Human Biases Reflected As Computer Biases

Bias: prejudice in favor of or against a thing, person, or group

What is “computer bias”?

The existence of prejudiced outcomes in the decisions or predictions made by computer systems/algorithms. Bias can be implemented into algorithms because of human biases being intentionally inserted or because of the data utilized being biased.

Explicit Data: Information directly provided by user.

Implicit Data: Infomration that can inferred from explicit data.

Based on either explicit/implicit data that has been used to train an algorithm, whether intentionally introduced or during the process of training data generation, bias can be created.

A notable example of this is seen in Netflix, where there are is a human factor that drives bias: Netflix exclusives are placed ahead (a show that is a Netflix exclusive means that users will be more likely to stay with Netflix). The bias in this case is Netflix’s prioritzation towards Netflix-produced shows.

Hack 1:

What is another example of a human bias being implemented into an algorithm?

Answer: In Amazon some products can be paid to be featured more becoming more likely to be purchased.

Reducing Bias

Programmers should take action to reduce bias in algorithms used for computing innovations as a way of combating existing human biases. Softwares need to be unbiased, consider all everything, and reject human bias.

Things to consider when developing programs:

  • What are potential sources of bias?
  • Is your program enhancing or intentionally excluding?
  • Are you receiving feedback from a widespread group of people?
  • How could people who differ from you use your developments?

Hack 2:

What is another way a programmer can reduce bias in their softwares?

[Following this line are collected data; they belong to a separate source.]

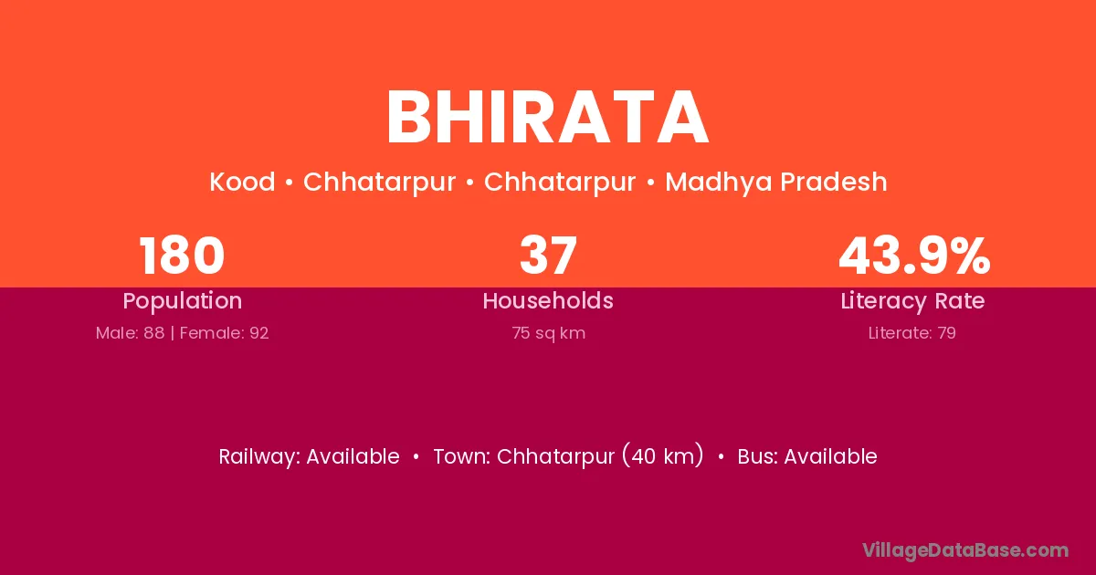 Chhatarpur (40 km) is the nearest town to Bhirata village for major economic activities and is located approximately 40 km away.
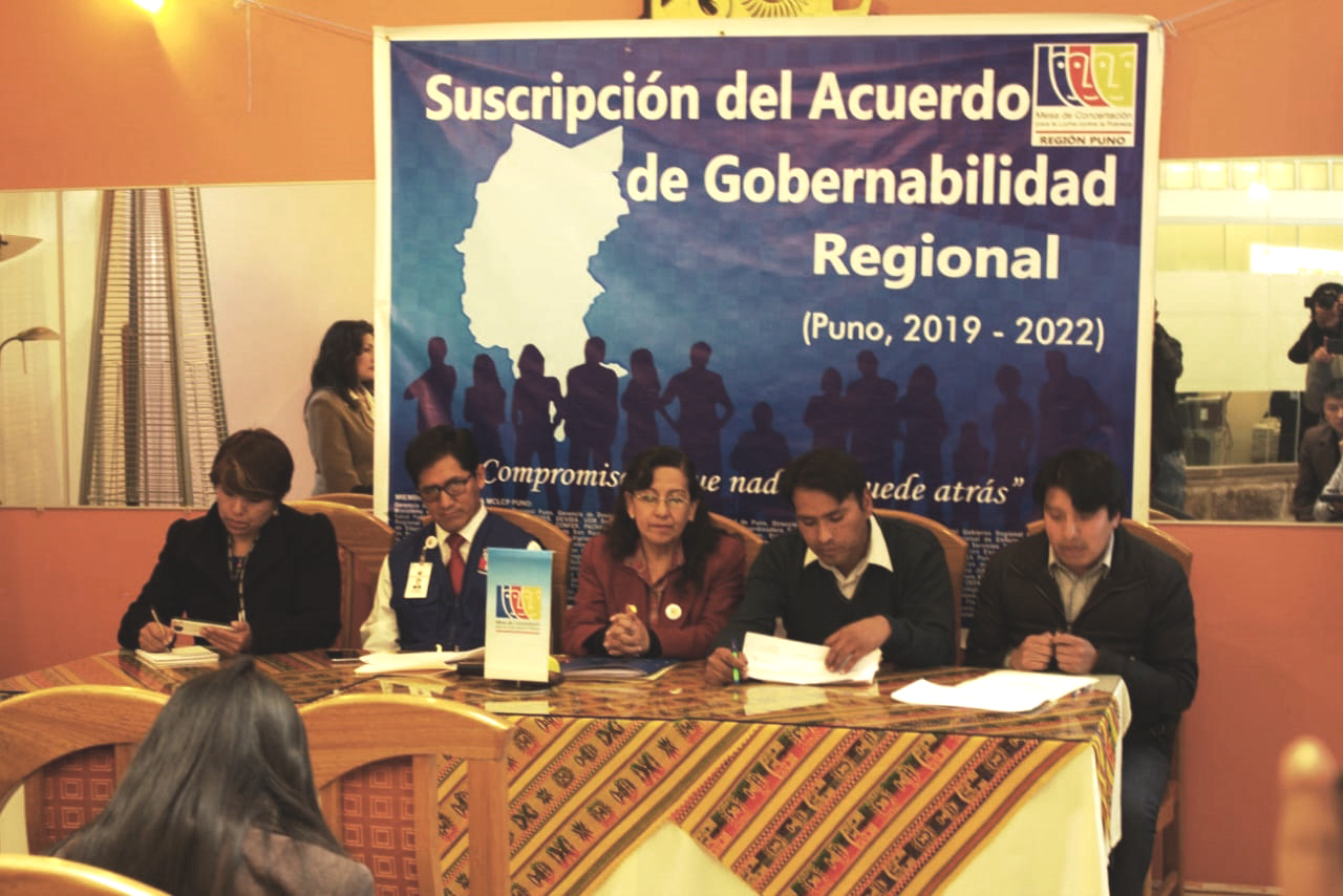 La MCLCP de Puno es un espacio de diálogo y concertación conformado por más de 100 representantes de Estado y sociedad civil y que tiene como uno de sus objetivos consensuar propuestas de política regional que coadyuven a contribuir en el cierre de brechas y desigualdad, bajo el lema “Por una vida digna para todos y todas”. Desde el año 2002 en cada proceso electoral regional y local ha venido elaborando el documento denominado “Acuerdo de Gobernabilidad Regional”, el cual recoge las necesidades prioritarias que requieren ser atendidas por nuestras autoridades y las mismas que están alineadas a los diferentes políticas públicas nacionales y regionales.
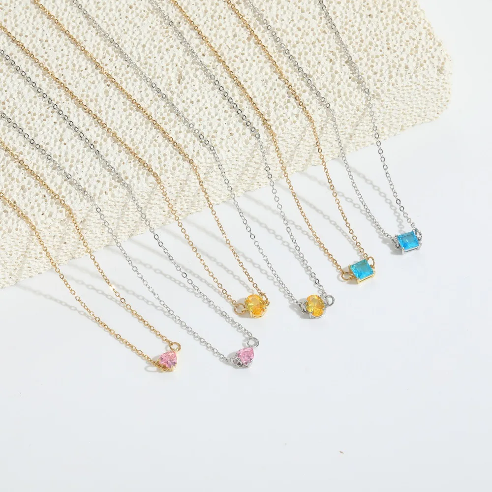 Copper Square Collarbone Chain Necklace - Colorful Minimalist Jewelry for Women Versatile Everyday Choker with Rainbow Hues
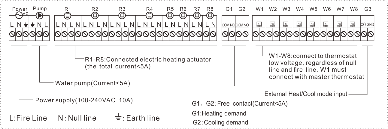 | Model No. | Heat/cool | Heat only | Pipe | Speed fan | Programmable | Window card | Room card | External Sensor | Modbus RTU | WIFI | Power | Manual |

Answer: A programmer could run test cases with different types of data to see if the program is biased towards a certain type of data.

Types of Bias in Software Development

Biases can be embedded at all levels of software development.

It can be intentional or unintentional. Some software development are made for a certain market and ensure that people of certain places or demographics can use them easily. However, this doesn’t mean that they are trying to exclude.

Examples:

Intentional:

  • Games could be geared towards a certain age range (Talking Tom vs Valorant)
    • Game concepts
    • Music
    • Visuals

  • WeChat and KakaoTalk
    • Almost everyone in China uses WeChat
    • KakaoTalk is the Korean version

Unintentional:

  • Social media, Facebook vs. instagram

Hack 3:

What are some other examples of intentional and/or unintentional bias in innovations (games, social media, technology, etc.)?

Answer: Disney movies are more biased towards children with familiar figures and happy endings.

Homework

Question 1:

Define “computer bias” in your own words and explain how it can result from intentional or unintentional factors in software development. Give a brief example of this. Explain how programmers can actively work to reduce bias in their algorithms?

Answer: Computer bias is when a computer system or algorithm has a prejudiced outcome. This can result from intentional or unintentional factors in software development. An example of this is when a game is geared towards a certain age range. Programmers can actively work to reduce bias in their algorithms by running test cases with different types of data to see if the program is biased towards a certain type of data.

Question 2:

Briefly describe the two types of bias in software development and provide examples from the gaming industry and social media platforms. How might biases in software design affect user engagement and experiences?

Answer: The two types of bias in software development are intentional and unintentional. An example of intentional bias is when a game is geared towards a certain age range. An example of unintentional bias is when social media platforms are geared towards a certain demographic. Biases in software design might affect user engagement and experiences because it could make the user feel excluded.